§ TO DO
Please repeat the listing exactly, starting at its first line and stopping after the line that contains "灰岛塑料袋金鱼方形手机壳".

§ AVAILABLE DATA
● ● ● ●
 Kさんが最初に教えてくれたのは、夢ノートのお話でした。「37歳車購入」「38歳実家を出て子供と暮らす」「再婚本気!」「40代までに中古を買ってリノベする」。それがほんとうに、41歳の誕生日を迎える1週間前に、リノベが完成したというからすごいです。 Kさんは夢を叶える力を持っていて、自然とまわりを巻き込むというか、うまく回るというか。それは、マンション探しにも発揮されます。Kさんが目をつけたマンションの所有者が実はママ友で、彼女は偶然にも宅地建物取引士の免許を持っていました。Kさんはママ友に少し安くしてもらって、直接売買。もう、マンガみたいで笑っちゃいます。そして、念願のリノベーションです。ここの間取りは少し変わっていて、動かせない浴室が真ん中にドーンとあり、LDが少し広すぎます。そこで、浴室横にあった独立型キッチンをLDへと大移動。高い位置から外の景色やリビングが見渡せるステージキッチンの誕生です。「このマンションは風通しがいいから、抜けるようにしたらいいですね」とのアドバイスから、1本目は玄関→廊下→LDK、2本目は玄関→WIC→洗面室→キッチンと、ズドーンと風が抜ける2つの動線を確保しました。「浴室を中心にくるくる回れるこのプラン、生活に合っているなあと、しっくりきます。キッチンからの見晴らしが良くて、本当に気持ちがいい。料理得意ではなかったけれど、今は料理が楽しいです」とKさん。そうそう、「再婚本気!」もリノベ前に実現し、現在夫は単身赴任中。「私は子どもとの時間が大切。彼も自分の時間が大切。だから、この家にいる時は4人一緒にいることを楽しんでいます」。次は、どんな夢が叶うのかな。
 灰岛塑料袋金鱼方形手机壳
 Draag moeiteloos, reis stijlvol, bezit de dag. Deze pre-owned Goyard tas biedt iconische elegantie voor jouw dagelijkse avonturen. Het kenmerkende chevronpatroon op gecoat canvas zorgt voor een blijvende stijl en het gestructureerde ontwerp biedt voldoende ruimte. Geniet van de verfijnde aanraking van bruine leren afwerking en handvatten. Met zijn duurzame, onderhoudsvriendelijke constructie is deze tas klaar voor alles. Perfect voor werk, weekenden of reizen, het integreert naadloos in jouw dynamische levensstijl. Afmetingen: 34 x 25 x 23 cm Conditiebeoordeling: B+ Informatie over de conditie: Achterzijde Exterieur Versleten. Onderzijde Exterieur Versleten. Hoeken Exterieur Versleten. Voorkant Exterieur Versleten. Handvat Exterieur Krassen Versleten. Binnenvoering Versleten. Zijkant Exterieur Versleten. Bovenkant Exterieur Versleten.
● ● ● ●
§ SOLUTION FOR THIS TASK
 Kさんが最初に教えてくれたのは、夢ノートのお話でした。「37歳車購入」「38歳実家を出て子供と暮らす」「再婚本気!」「40代までに中古を買ってリノベする」。それがほんとうに、41歳の誕生日を迎える1週間前に、リノベが完成したというからすごいです。 Kさんは夢を叶える力を持っていて、自然とまわりを巻き込むというか、うまく回るというか。それは、マンション探しにも発揮されます。Kさんが目をつけたマンションの所有者が実はママ友で、彼女は偶然にも宅地建物取引士の免許を持っていました。Kさんはママ友に少し安くしてもらって、直接売買。もう、マンガみたいで笑っちゃいます。そして、念願のリノベーションです。ここの間取りは少し変わっていて、動かせない浴室が真ん中にドーンとあり、LDが少し広すぎます。そこで、浴室横にあった独立型キッチンをLDへと大移動。高い位置から外の景色やリビングが見渡せるステージキッチンの誕生です。「このマンションは風通しがいいから、抜けるようにしたらいいですね」とのアドバイスから、1本目は玄関→廊下→LDK、2本目は玄関→WIC→洗面室→キッチンと、ズドーンと風が抜ける2つの動線を確保しました。「浴室を中心にくるくる回れるこのプラン、生活に合っているなあと、しっくりきます。キッチンからの見晴らしが良くて、本当に気持ちがいい。料理得意ではなかったけれど、今は料理が楽しいです」とKさん。そうそう、「再婚本気!」もリノベ前に実現し、現在夫は単身赴任中。「私は子どもとの時間が大切。彼も自分の時間が大切。だから、この家にいる時は4人一緒にいることを楽しんでいます」。次は、どんな夢が叶うのかな。
 灰岛塑料袋金鱼方形手机壳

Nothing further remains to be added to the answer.